Your instructions: Using the records below, give again exactly the lines from the line that contains "Select event which" through the line that contains "aus benachbarten Orten, unsere", both ends included, and only those.
━━━━━━━━
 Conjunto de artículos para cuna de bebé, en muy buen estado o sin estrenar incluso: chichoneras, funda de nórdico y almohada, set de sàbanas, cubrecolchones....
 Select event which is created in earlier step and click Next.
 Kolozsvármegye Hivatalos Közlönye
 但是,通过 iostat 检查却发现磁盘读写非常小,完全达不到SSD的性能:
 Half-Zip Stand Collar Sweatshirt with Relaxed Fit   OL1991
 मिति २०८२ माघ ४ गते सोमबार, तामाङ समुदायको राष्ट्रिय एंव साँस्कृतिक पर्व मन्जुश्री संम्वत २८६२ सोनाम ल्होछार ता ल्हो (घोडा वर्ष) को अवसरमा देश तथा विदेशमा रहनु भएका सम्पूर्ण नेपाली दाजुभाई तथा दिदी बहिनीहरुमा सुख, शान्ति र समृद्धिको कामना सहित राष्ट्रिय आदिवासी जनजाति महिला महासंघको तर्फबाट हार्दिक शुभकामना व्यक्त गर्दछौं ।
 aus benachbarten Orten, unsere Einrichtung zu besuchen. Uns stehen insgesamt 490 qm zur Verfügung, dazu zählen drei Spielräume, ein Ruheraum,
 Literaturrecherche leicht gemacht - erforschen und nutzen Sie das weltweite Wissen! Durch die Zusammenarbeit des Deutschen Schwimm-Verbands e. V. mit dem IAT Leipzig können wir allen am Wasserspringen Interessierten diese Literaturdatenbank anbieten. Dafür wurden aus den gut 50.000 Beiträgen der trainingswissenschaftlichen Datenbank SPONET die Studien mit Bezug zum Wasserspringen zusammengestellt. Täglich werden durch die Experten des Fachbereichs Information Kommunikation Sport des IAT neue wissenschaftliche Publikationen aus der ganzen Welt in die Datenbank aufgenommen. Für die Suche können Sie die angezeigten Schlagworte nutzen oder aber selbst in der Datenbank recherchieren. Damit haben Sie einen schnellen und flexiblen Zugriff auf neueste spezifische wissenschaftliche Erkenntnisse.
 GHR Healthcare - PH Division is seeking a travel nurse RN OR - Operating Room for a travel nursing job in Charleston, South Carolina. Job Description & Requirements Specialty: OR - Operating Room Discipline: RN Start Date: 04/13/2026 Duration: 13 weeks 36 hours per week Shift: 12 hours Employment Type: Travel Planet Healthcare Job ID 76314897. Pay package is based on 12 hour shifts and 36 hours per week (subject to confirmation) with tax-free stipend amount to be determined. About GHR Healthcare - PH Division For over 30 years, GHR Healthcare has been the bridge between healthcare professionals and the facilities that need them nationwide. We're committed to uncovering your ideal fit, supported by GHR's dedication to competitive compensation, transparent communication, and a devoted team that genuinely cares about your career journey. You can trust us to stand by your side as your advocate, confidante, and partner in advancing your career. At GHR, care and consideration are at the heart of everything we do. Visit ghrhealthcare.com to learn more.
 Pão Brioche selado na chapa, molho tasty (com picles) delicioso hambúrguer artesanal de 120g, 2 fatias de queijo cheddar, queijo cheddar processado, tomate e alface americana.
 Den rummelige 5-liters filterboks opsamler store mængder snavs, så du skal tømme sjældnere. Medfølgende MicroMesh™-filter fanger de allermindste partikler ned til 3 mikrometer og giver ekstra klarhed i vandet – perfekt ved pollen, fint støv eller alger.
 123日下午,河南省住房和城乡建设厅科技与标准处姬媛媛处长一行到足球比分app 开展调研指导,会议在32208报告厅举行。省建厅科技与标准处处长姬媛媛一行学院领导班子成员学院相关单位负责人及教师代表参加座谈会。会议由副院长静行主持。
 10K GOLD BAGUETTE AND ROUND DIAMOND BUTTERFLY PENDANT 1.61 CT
━━━━━━━━
Response:
 Select event which is created in earlier step and click Next.
 Kolozsvármegye Hivatalos Közlönye
 但是,通过 iostat 检查却发现磁盘读写非常小,完全达不到SSD的性能:
 Half-Zip Stand Collar Sweatshirt with Relaxed Fit   OL1991
 मिति २०८२ माघ ४ गते सोमबार, तामाङ समुदायको राष्ट्रिय एंव साँस्कृतिक पर्व मन्जुश्री संम्वत २८६२ सोनाम ल्होछार ता ल्हो (घोडा वर्ष) को अवसरमा देश तथा विदेशमा रहनु भएका सम्पूर्ण नेपाली दाजुभाई तथा दिदी बहिनीहरुमा सुख, शान्ति र समृद्धिको कामना सहित राष्ट्रिय आदिवासी जनजाति महिला महासंघको तर्फबाट हार्दिक शुभकामना व्यक्त गर्दछौं ।
 aus benachbarten Orten, unsere Einrichtung zu besuchen. Uns stehen insgesamt 490 qm zur Verfügung, dazu zählen drei Spielräume, ein Ruheraum,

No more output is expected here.